Tout au long des siècles, elles ont émaillé les relations entre l’Occident chrétien et l’islam. Mais, à la période contemporaine, c’est
la parution, en 1988, des Versets sataniques de Salman Rushdie, accusé de manquer de respect à l’islam et au Prophète, qui va
mettre le feu aux poudres et embraser le monde musulman, provoquant l’incompréhension de l’Occident. Le 14 février 1989,
l’imam Khomeiny publie une fatwa contre l’écrivain, appelant à son exécution (levée dix ans plus tard). Lui-même d’origine
musulmane, Salman Rushdie est accusé d’athéisme et… d’apostasie, ce qui, pour les plus radicaux en islam, est punissable de la
peine de mort. En 2005, la publication, au Danemark, des caricatures du Prophète va creuser le fossé culturel entre l’Occident et
le monde musulman, sur fond de montée de l’islam radical.
L’islam est-il la seule religion concernée par les polémiques sur la critique des religions ?

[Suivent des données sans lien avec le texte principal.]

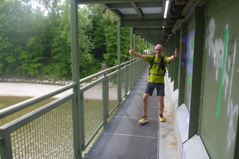 Meine Kilometerrechnung für heute ist fast genau aufgegangen, am Wehr auf Höhe Weitmannsee erreichen wir Kilometer 42,2. Ich bin immer etwas argwöhnisch ob der Genauigkeit unserer GPS-Uhren und animiere Charly auch noch die restlichen Meter bis zum Parkplatz durchzulaufen. Damit’s ja passt. Die Trail de luxe-Variante ist mega, kann ich nur empfehlen, sie bietet die ganze Schönheit des Lechs in unseren Breiten.

Sûrement pas ! Régulièrement, la France est le théâtre de polémiques - parfois très violentes - impliquant l’Eglise catholique ou
ses franges les plus radicales. En 1988, la Dernière Tentation du Christ, le film de Martin Scorsese, suscitait d’âpres débats
jusqu’à provoquer l’ire des catholiques intégristes qui incendiaient plusieurs cinémas. En 2005, les évêques faisaient interdire
une campagne de publicité, parodiant la Cène de Léonard de Vinci. Un an plus tard, la Cour de cassation revenait sur cette
décision. L’organisation catholique intégriste Civitas est très active sur ce terrain. En 2011, elle s’en est prise d’abord à une
exposition, à Avignon, présentant la photo Piss Christ d’Andres Serrano puis à deux pièces de théâtre à Paris de Roberto
Castelluci et de Rodrigo García, jugeant les unes et les autres blasphématoires. Lors des représentations de Golgota Picnic, le
cardinal-archevêque de Paris avait organisé une veillée de prière à Notre-Dame de Paris. Prudente depuis l’affaire des
caricatures de Mahomet, l’Eglise catholique n’a pas entrepris en France de démarche juridique pour faire interdire quoi que ce
soit.
La liberté de critiquer les religions régresse-t-elle dans le monde ?
Pays laïque, la France, même si elle a une législation contre la diffamation des groupes religieux, fait un peu figure d’exception
dans sa défense de la liberté d’expression et d’une tradition anticléricale héritée du XIXe siècle. Le délit de blasphème a é
supprimé à la Révolution. En Europe, quelques pays, comme les Pays-Bas, le Danemark, le Royaume-Uni ou l’Allemagne, ont
encore des législations punissant le blasphème, guère appliquées, si ce n’est en Grèce. Après l’affaire des caricatures du Prophète
publiées par Charlie Hebdo, le député Eric Raoult (UMP) avait déposé une proposition de loi rétablissant en France le délit de
blasphème, sans qu’il n’y ait de suite.
Depuis une dizaine d’années, l’Organisation de coopération islamique (OCI), regroupant une cinquantaine d’Etats musulmans,
mène campagne pour imposer dans le droit international un délit de blasphème. Selon le Pew Research Center, basé aux Etats-
Unis, 32 pays, à travers le monde, disposaient, en 2011, d’un arsenal juridique punissant le blasphème et 20 Etats, l’apostasie. La
situation est particulièrement difficile au Pakistan. Une campagne internationale réclame toujours la grâce d’Asia Bibi, une
chrétienne condamnée à mort pour blasphème après avoir proposé à boire à des femmes musulmanes de son village.